Example 8: Curing of a Monomeric Adduct Based on Dipentaerythritol Penta-/Hexaacrylate

(51) 9.02 g of adduct (F)=component 1

(52) 10.53 g of pentaerythritol tetrakis(3-mercaptopropionate) (crosslinker)

(53) with 200 mg of N-methyldicyclohexylamine (catalyst)=component 2

(54) Component 1 was mixed with component 2.

(55) After 2 days of curing at 60° C., the material had a shore A hardness of 50.

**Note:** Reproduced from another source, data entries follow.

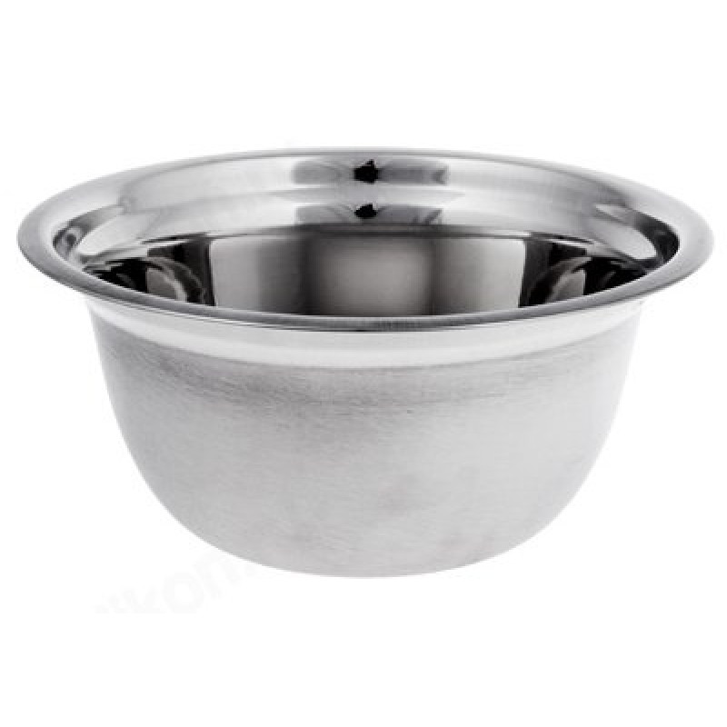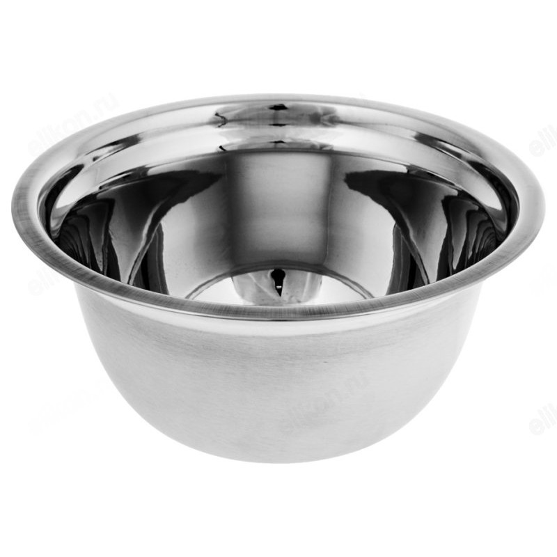 Салатник диаметром 25 см из нержавеющей стали с матовой полировкой снаружи и зеркальной полосой вдоль бортика.
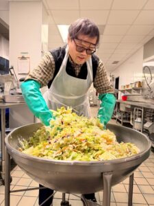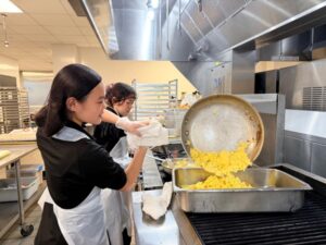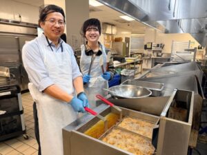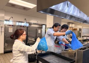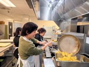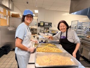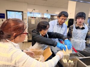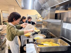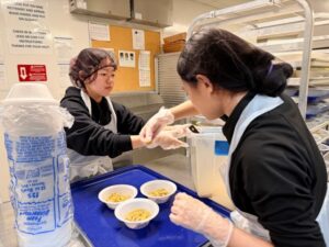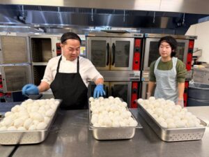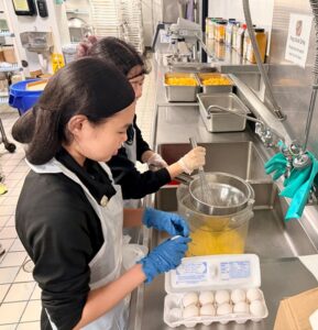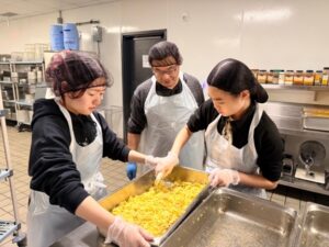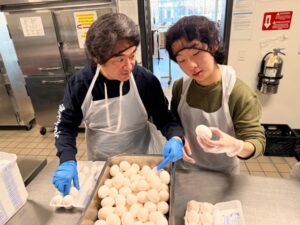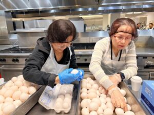 此外,李国清先生和夫人刘霞女士还亲自前往位于明尼阿波利斯的SUMO Grill & Buffet中餐馆,取回七大盘捞面,并于十一点二十分左右送达厨房。所有中餐随后被放入保温箱和保温餐盒中备用,同时,志愿者们还根据厨房主管的安排,细心挑选了大量完好无损的鸡蛋,用于中心为无家可归者准备的晚餐蒸煮。
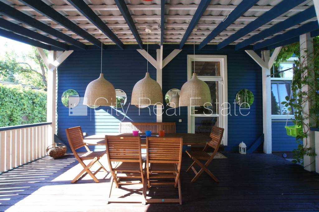 Latvia, Jurmala, Strelnieku prospekts. Well-maintained greened courtyard, precinct, terrace , bedrooms 2 piece/es, rooms isolated 3 piece/es, one communicating room, kitchen, fireplace, gas heating, number of bathrooms 1 piece/es, bath, build in kitchen unit, bed, double bed, kitchen table, reclining chairs, kitchen chairs, garden furniture, refrigerator, dishwasher, electric range, oven, steam sip-off machine, microwave , washing machine, internet, till sea 400 m, CITY REAL ESTATE ID - 427603

Example 9: Comparative Experiment of an Inventive System with a Prior-Art, Acrylate-Based System; Both Systems Cured with Thiol

(56) The comparative system according to the prior art selected was pentaerythritol triacrylate as acrylate component, since this molecule can be cured to give solid materials. Moreover, it permits comparison with an inventive adduct having the same number of double bonds and hence the same SH to C═C ratio in the formulation. Accordingly, the adhesive force of the materials can be compared directly.

(57) (X)=adduct (E)

(58) (Y)=pentaerythritol triacrylate

(59) (X) and also (Y) were crosslinked with pentaerythritol tetrakis(3-mercaptopropionate) with an SH/C═C ratio of 0.94, and a determination was made, for the purpose of example, of the adhesion to steel. Tensile adhesion anchors were pulled in accordance with DIN EN 13596, and determinations were made of the maximum tensile adhesion strains.
After 1 day of curing at room temperature:
(X) based resin: 0.270 N/mm.sup.2 (average of 6 measurements)
(Y) based resin: 0.181 N/mm.sup.2 (average of 6 measurements)
After 14 days of curing at room temperature:
(X) based resin: 0.297 N/mm.sup.2 (average of 3 measurements)
(Y) based resin: 0.166 N/mm.sup.2 (average of 3 measurements)
As a result, the use of the inventive system in the addition-crosslinking systems described leads to significantly higher adhesion properties as compared with the acrylate system according to the prior art.